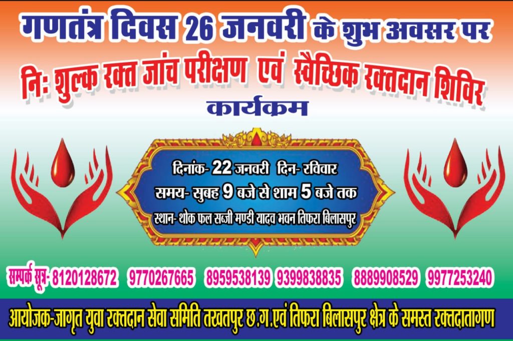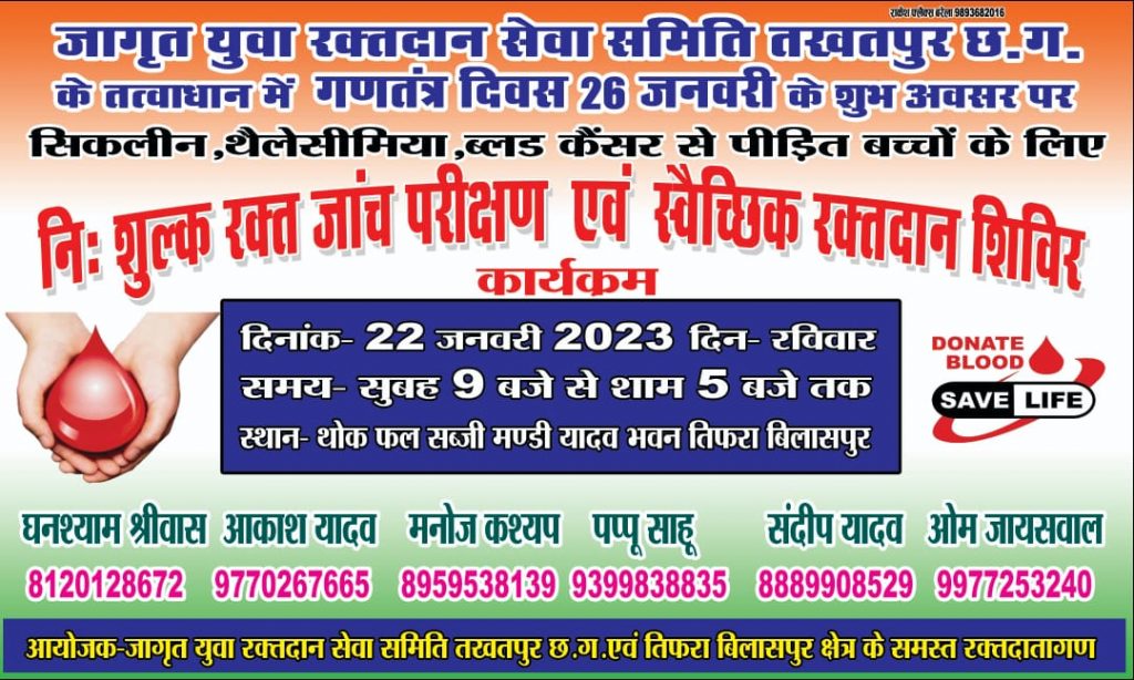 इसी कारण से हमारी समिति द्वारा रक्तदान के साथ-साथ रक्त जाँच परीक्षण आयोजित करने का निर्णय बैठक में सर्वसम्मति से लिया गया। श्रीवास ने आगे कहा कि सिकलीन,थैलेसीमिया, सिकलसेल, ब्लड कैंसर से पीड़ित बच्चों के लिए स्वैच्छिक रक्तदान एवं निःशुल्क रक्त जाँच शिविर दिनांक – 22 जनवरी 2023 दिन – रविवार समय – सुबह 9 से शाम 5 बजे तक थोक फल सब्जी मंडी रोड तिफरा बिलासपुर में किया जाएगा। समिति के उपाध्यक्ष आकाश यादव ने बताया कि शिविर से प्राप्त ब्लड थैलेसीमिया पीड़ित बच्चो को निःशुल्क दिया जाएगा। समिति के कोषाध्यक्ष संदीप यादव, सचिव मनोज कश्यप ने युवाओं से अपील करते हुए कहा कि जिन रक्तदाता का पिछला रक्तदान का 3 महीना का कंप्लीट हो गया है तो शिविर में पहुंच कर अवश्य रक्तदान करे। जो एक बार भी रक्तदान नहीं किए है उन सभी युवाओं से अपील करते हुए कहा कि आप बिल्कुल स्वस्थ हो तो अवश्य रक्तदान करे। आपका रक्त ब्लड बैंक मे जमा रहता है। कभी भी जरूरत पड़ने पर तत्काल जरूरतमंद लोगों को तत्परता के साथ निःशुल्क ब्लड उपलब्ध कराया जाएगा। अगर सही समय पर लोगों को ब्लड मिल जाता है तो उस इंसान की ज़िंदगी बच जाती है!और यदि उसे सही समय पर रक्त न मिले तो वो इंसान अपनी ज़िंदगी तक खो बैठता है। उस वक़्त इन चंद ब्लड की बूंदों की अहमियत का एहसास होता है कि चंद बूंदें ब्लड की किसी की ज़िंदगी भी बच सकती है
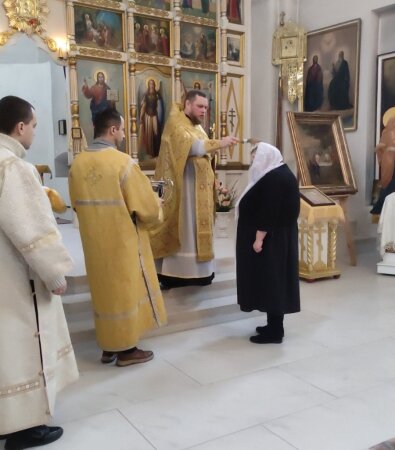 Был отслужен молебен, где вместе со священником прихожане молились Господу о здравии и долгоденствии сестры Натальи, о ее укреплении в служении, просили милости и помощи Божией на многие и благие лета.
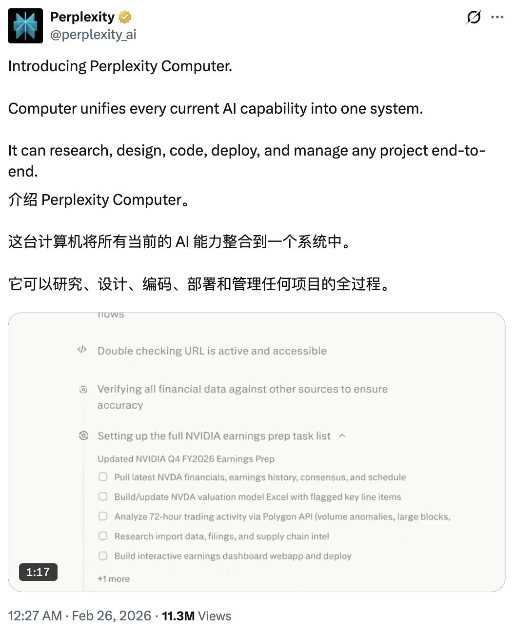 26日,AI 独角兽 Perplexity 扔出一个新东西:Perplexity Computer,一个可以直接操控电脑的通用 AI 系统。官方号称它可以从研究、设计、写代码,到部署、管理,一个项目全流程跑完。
==
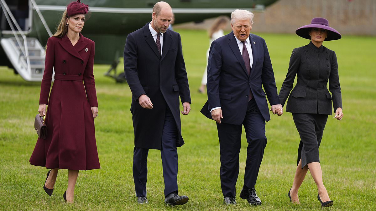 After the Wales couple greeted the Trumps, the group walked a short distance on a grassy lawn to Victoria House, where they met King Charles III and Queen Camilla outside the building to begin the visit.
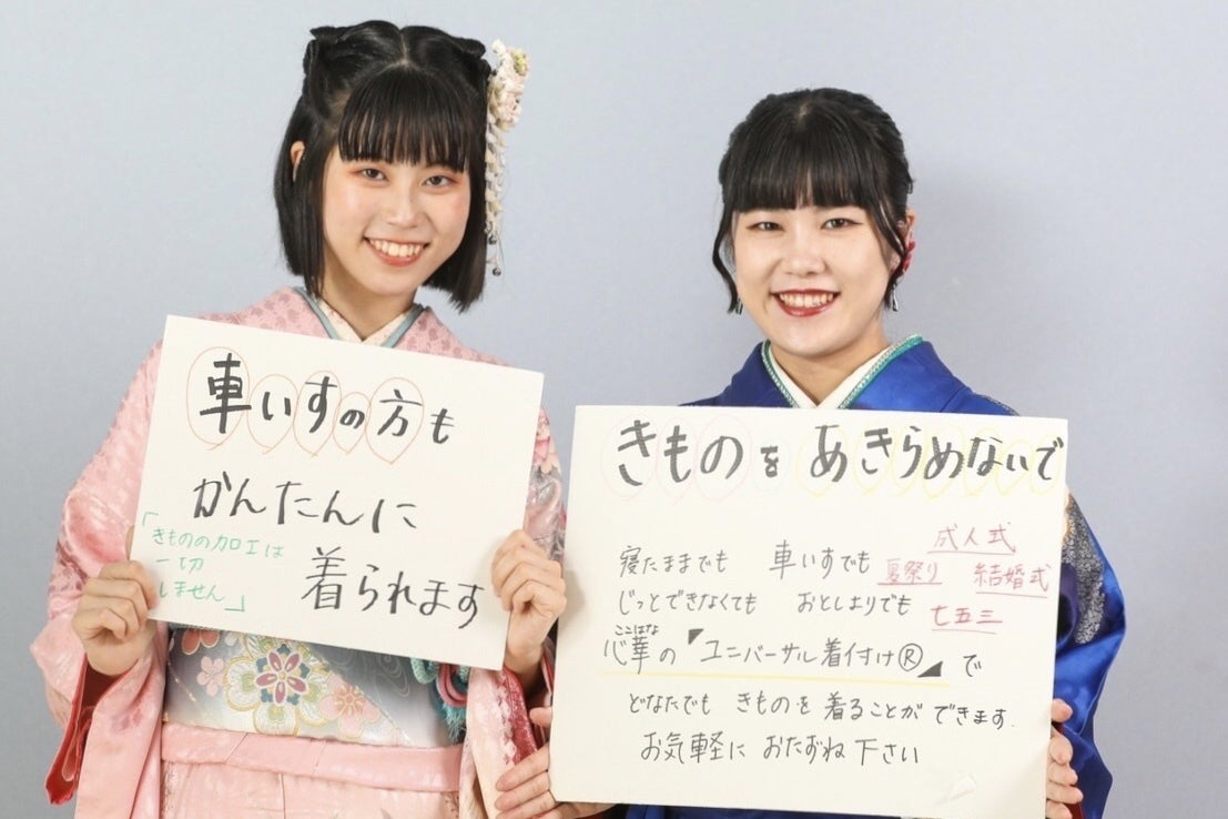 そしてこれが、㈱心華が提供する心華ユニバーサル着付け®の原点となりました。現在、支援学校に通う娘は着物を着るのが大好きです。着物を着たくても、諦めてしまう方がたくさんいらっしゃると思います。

### [WHAT IS BEING ASKED]
The data above holds the lines to copy: start at the one with "Был отслужен молебен, где", stop at the one with "26日,AI 独角兽 Perplexity", include both, copy them exactly without pictures, and copy nothing else.

### [COMPLETED TASK]
 Был отслужен молебен, где вместе со священником прихожане молились Господу о здравии и долгоденствии сестры Натальи, о ее укреплении в служении, просили милости и помощи Божией на многие и благие лета.
 26日,AI 独角兽 Perplexity 扔出一个新东西:Perplexity Computer,一个可以直接操控电脑的通用 AI 系统。官方号称它可以从研究、设计、写代码,到部署、管理,一个项目全流程跑完。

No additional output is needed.